Skip to main content

Our Father

Jesus said to his disciples: “In praying, do not babble like the pagans, who think that they will be heard because of their many words. Do not be like them. Your Father knows what you need before you ask him. 

“This is how you are to pray: ‘Our Father who art in heaven, hallowed be thy name, thy Kingdom come, thy will be done, on earth as it is in heaven. Give us this day our daily bread; and forgive us our trespasses, as we forgive those who trespass against us; and lead us not into temptation, but deliver us from evil.’

“If you forgive others their transgressions, your heavenly Father will forgive you. But if you do not forgive others, neither will your Father forgive your transgressions.” (Matthew 6:7-15)
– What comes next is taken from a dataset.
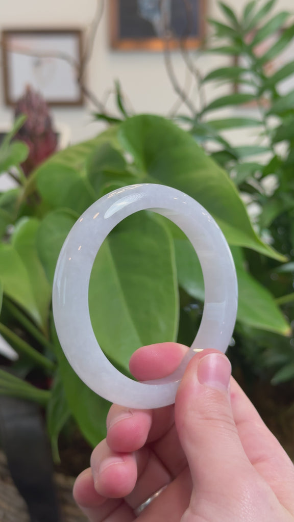 * DETAILS--This bangle is made from high-quality genuine Burmese Jadeite jade. It has a very smooth & translucent ice texture with a light lavender colors throughout. The classic half-round design offers comfort and style. Jadeite jade is one of the toughest gemstones, and it's believed to bring good luck. This bangle makes a special gift for you or a loved one.

Such a beautiful and all-encompassing prayer we all say but very few take seriously.  Perhaps it’s because we begin the prayer with “Our Father who art in heaven.”  The Father, therefore, seems distant and elsewhere – in heaven.  But the Father is God, or at least the first person in our concept of God – the Trinity.  God is with us on earth so we do not have to plead with a heavenly – perhaps absent Father – for God’s will to be done on earth as it is in heaven.  

Too many of us think of the Father as a distant and punishing God.  We then mirror that God by being distant and punishing to others including family members.  We must focus on our loving God always present with us on earth helping us to do God’s will, not from afar in some place we call heaven, but close and nearby.  

The Father’s Kingdom need not come.  It is already here.  We need not plead for its arrival. We simply must appreciate we already are its citizens with a duty to be truthful, right, and just.  Otherwise, we are babblers waiting for us to be delivered from evil.  That deliverance is something we should do ourselves using our faith and belief in Christ to accomplish that important task.  

Waiting for a heavenly “delivery man (or woman)” takes the burden off our shoulders where it rightly belongs. In fact, the Father does not lead us into temptation.  The Father helps us resist temptation always presented by the Tempter.